Full-size pickup truck

The Scout Terra is an upcoming battery electric and range-extended full-size pickup truck to be produced by Scout Motors. It is the first of two models to be sold under the Scout brand, the other being the Traveler SUV.

== Overview ==
In September 2021, reports of the Scout brand being potentially revived first appeared. Johan De Nysschen, then-CEO of Volkswagen Group of America, first floated the idea about an electric off-roader during a conversation with the media at a then-recent press event. Volkswagen gained control of the Scout trademark when Traton, the Volkswagen Group's commercial truck subsidiary, merged with Navistar in July 2021. The Scout brand's revival was confirmed on May 11, 2022, when Volkswagen approved plans to form a new independent company for the United States dedicated to designing, developing, manufacturing, and marketing electric vehicles in the country.

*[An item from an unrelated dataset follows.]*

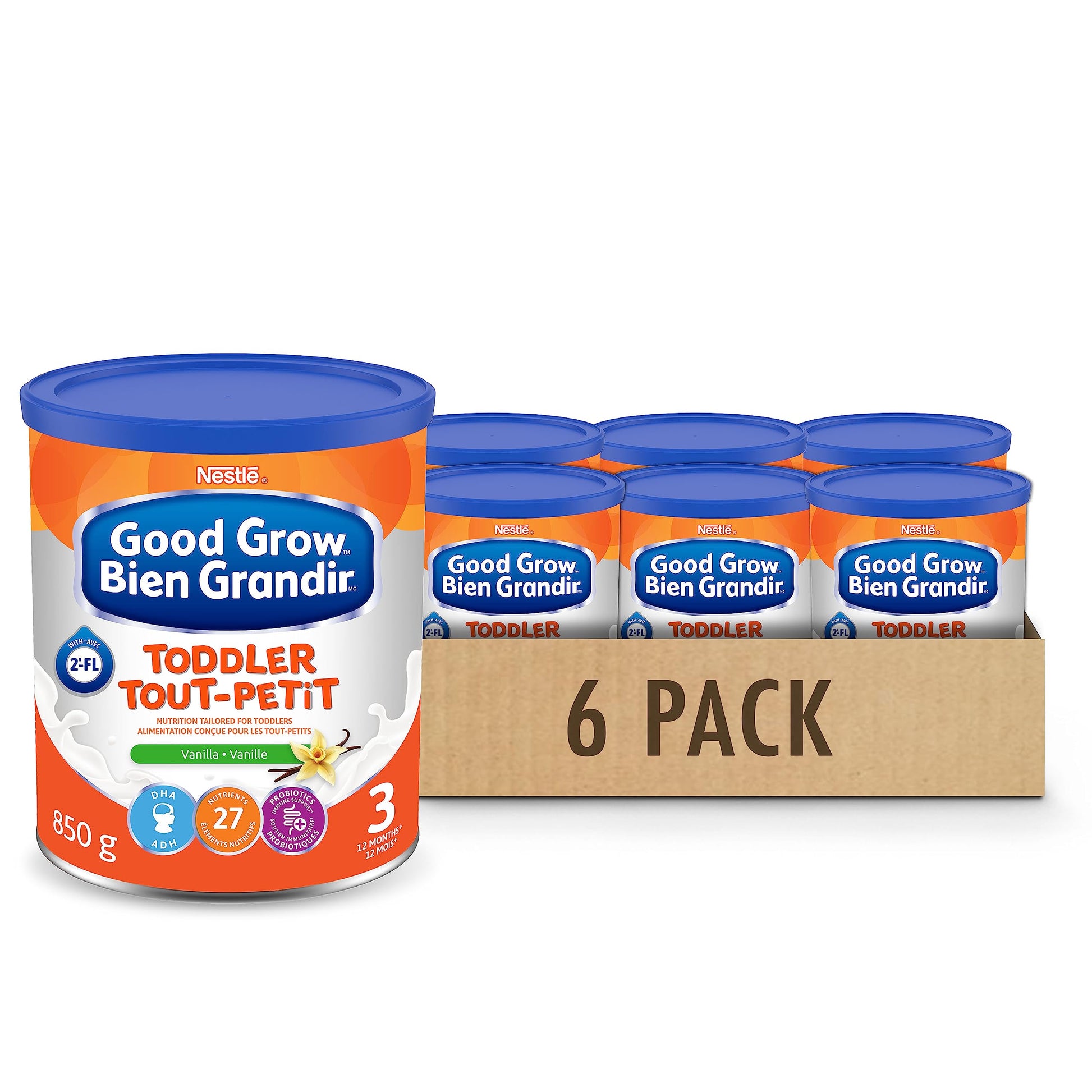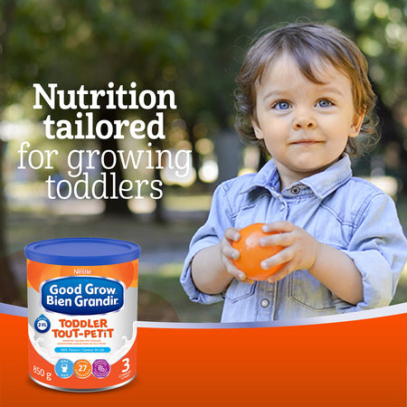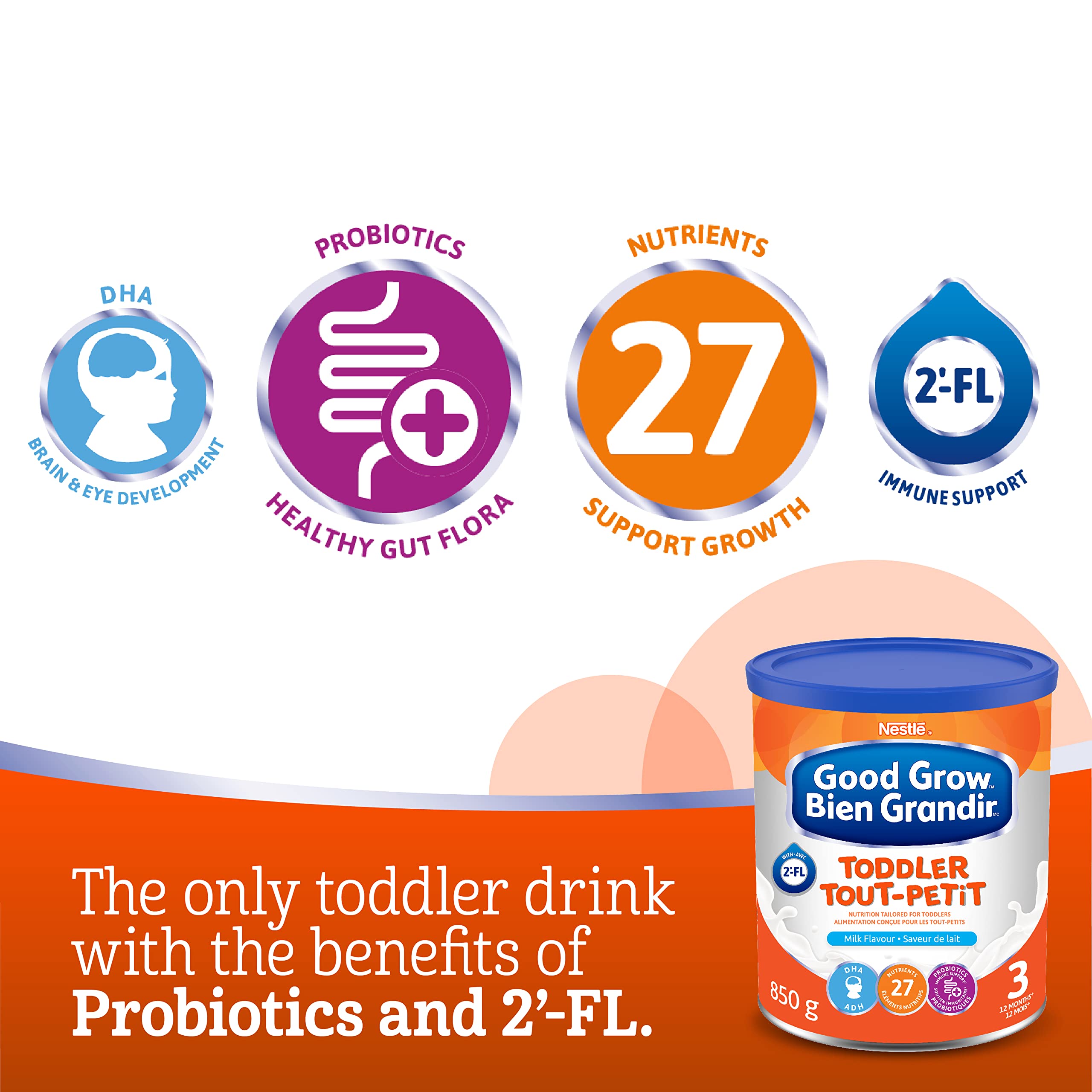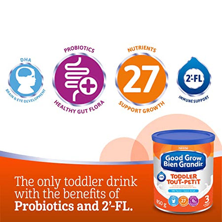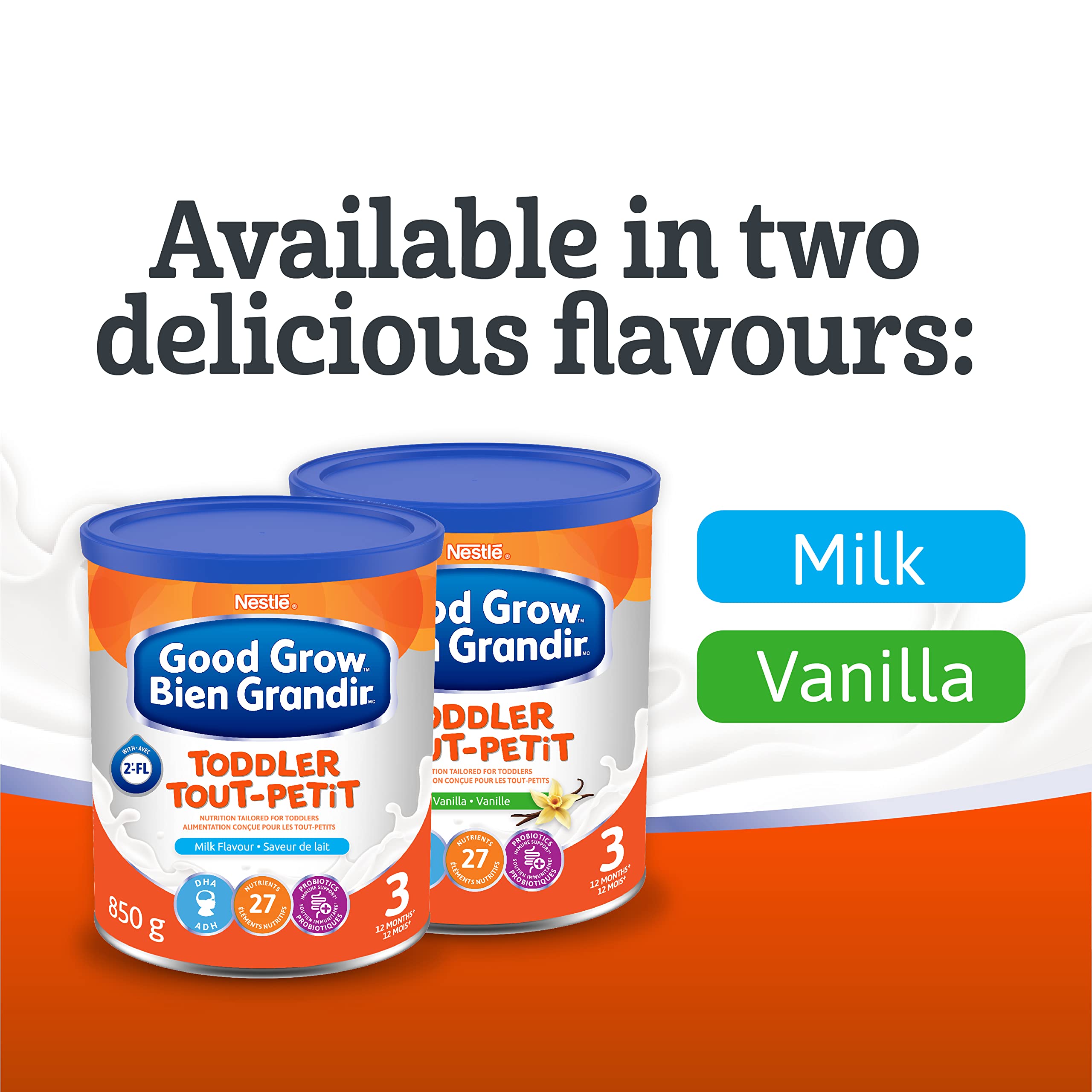 Details: Description NESTLÉ GOOD GROW Stage 3 Nutritional Toddler Drink, 12+ Months, Vanilla Flavour (850 g) is an everyday drink to complement the nutritional needs of toddlers 1 to 3 years old. Unique to NESTLÉ, GOOD GROW contains B. lactis BB-12, a probiotic that helps support normal gut immune function and a healthy gut microflora. This vanilla-flavoured drink is an easy addition to your toddler's diet, and can be served with a meal or as a nutritious snack. NESTLÉ GOOD GROW is made with the goodness of real milk and contains 27 nutrients, including iron, calcium, and vitamin D, which help support your toddler's normal growth and development. It also contains DHA, an Omega 3 fat, to support normal brain and eye development. With B. lactis BB-12, which helps maintain the specific natural digestive tract antibody immunoglobulin A (IgA) that may help support clinical outcomes of normal gut immune function. Primarily in children under 2 years old.

The Terra was officially unveiled on October 24, 2024, alongside the Traveler. It is a battery electric and range-extended full-size pickup truck that uses body-on-frame construction. The Terra and the Traveler were both designed by Scout's own R&D team in Novi, Michigan. It uses the North American Charging Standard and will be built at the company's factory in Blythewood, a town located in Greater Columbia, South Carolina. The Terra comes with a dual-cab configuration and 5.5-foot bed as standard.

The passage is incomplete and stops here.